(Stored records)
***
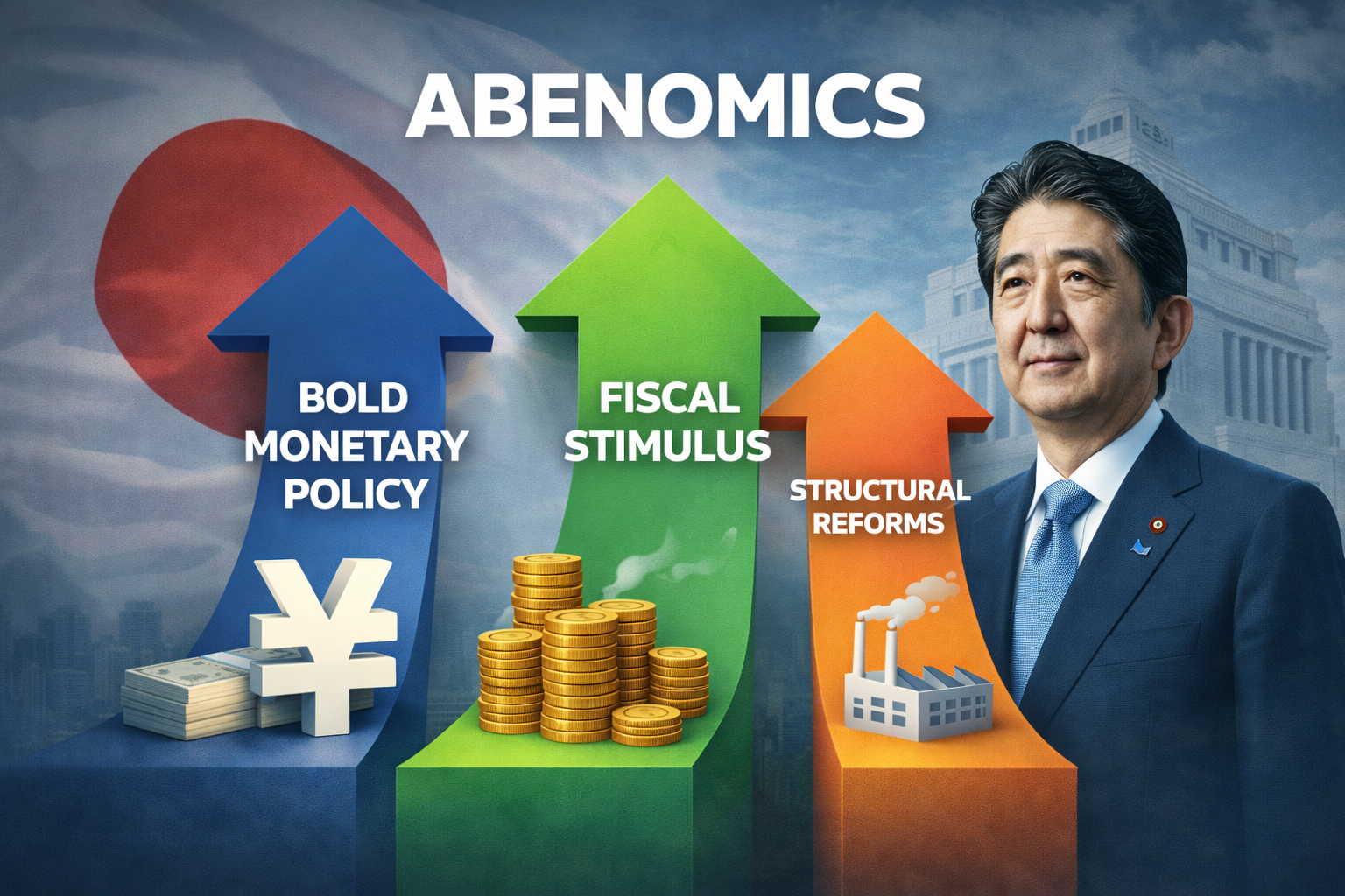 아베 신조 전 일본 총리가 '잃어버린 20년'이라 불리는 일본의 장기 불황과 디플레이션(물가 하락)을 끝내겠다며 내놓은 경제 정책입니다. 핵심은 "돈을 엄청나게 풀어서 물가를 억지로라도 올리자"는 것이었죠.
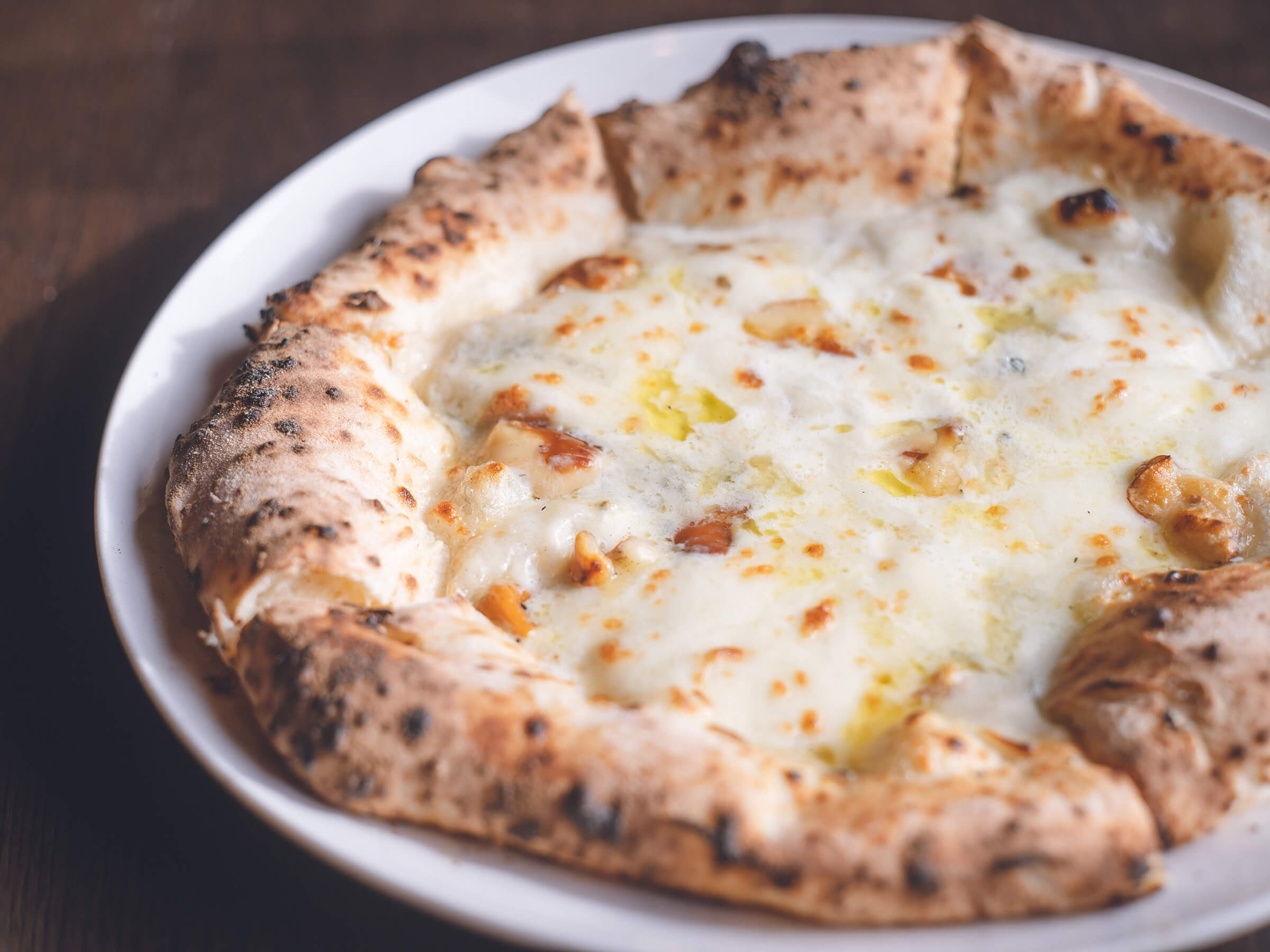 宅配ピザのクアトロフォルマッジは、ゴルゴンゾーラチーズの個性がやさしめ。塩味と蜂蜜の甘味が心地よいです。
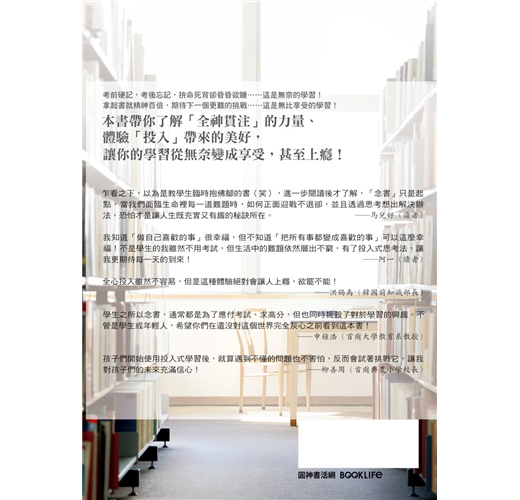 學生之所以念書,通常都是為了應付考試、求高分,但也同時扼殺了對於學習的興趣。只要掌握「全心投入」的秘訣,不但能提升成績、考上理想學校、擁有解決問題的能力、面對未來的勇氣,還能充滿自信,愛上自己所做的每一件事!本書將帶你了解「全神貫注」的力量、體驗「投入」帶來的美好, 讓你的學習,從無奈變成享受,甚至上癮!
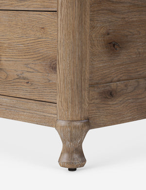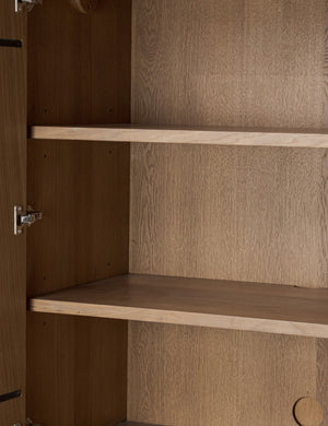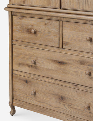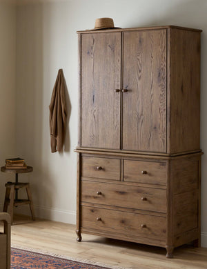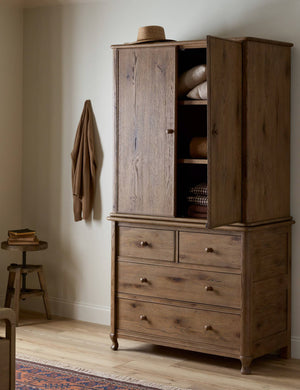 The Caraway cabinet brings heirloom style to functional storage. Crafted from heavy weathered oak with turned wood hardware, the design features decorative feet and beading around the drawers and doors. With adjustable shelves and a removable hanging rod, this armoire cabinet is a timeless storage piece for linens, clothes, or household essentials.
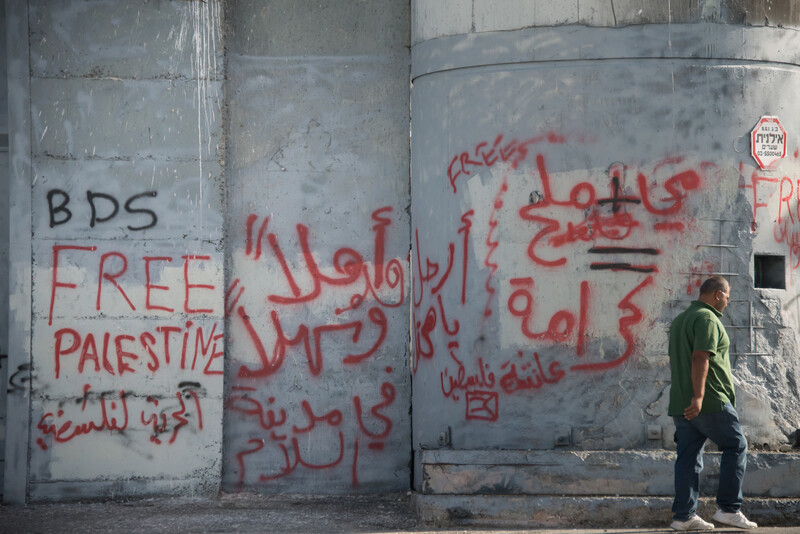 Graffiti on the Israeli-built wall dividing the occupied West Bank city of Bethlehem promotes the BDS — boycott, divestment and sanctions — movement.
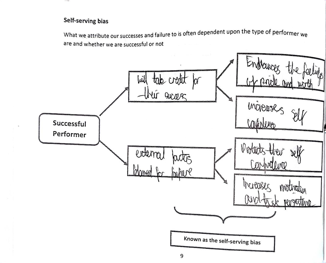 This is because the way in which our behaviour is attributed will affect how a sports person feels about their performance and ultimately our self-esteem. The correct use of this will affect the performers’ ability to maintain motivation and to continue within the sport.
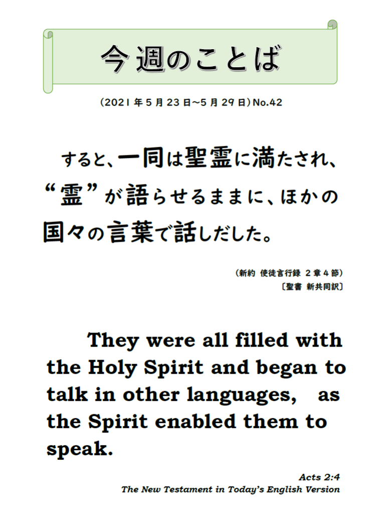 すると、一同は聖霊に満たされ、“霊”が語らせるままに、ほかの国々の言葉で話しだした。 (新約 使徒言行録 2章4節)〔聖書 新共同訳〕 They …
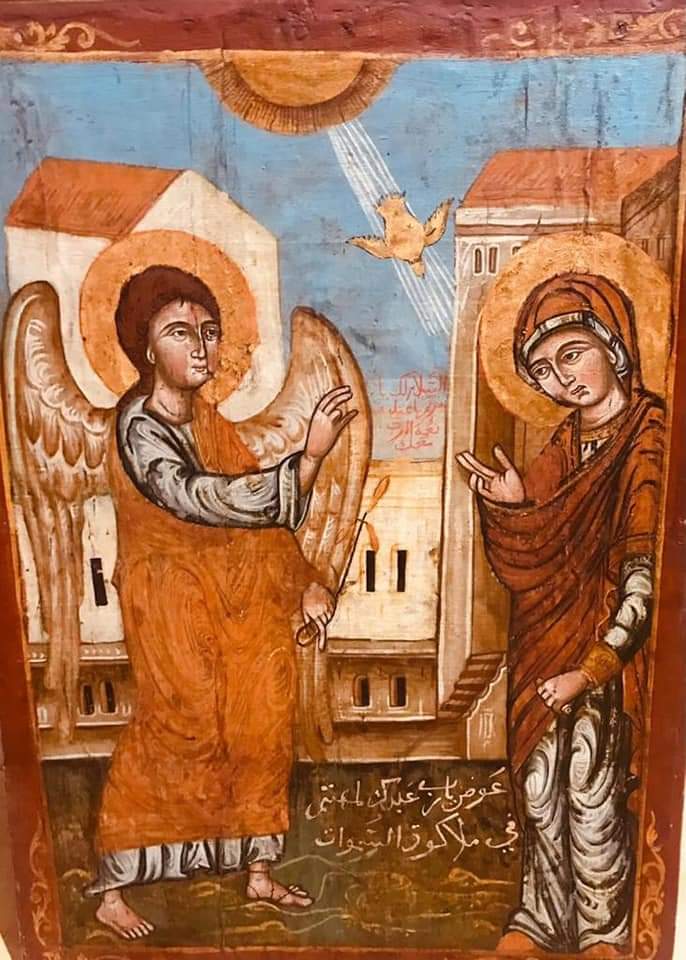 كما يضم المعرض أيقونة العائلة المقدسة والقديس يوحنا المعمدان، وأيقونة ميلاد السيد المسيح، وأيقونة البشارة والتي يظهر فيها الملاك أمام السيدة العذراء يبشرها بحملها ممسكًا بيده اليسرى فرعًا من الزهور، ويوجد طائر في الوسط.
***
WORK INSTRUCTION. Omit the pictures and write out the lines above from the one with "學生之所以念書,通常都是為了" through the last, unchanged.

COMPLETED TASK.
 學生之所以念書,通常都是為了應付考試、求高分,但也同時扼殺了對於學習的興趣。只要掌握「全心投入」的秘訣,不但能提升成績、考上理想學校、擁有解決問題的能力、面對未來的勇氣,還能充滿自信,愛上自己所做的每一件事!本書將帶你了解「全神貫注」的力量、體驗「投入」帶來的美好, 讓你的學習,從無奈變成享受,甚至上癮!
 The Caraway cabinet brings heirloom style to functional storage. Crafted from heavy weathered oak with turned wood hardware, the design features decorative feet and beading around the drawers and doors. With adjustable shelves and a removable hanging rod, this armoire cabinet is a timeless storage piece for linens, clothes, or household essentials.
 Graffiti on the Israeli-built wall dividing the occupied West Bank city of Bethlehem promotes the BDS — boycott, divestment and sanctions — movement.
 This is because the way in which our behaviour is attributed will affect how a sports person feels about their performance and ultimately our self-esteem. The correct use of this will affect the performers’ ability to maintain motivation and to continue within the sport.
 すると、一同は聖霊に満たされ、“霊”が語らせるままに、ほかの国々の言葉で話しだした。 (新約 使徒言行録 2章4節)〔聖書 新共同訳〕 They …
 كما يضم المعرض أيقونة العائلة المقدسة والقديس يوحنا المعمدان، وأيقونة ميلاد السيد المسيح، وأيقونة البشارة والتي يظهر فيها الملاك أمام السيدة العذراء يبشرها بحملها ممسكًا بيده اليسرى فرعًا من الزهور، ويوجد طائر في الوسط.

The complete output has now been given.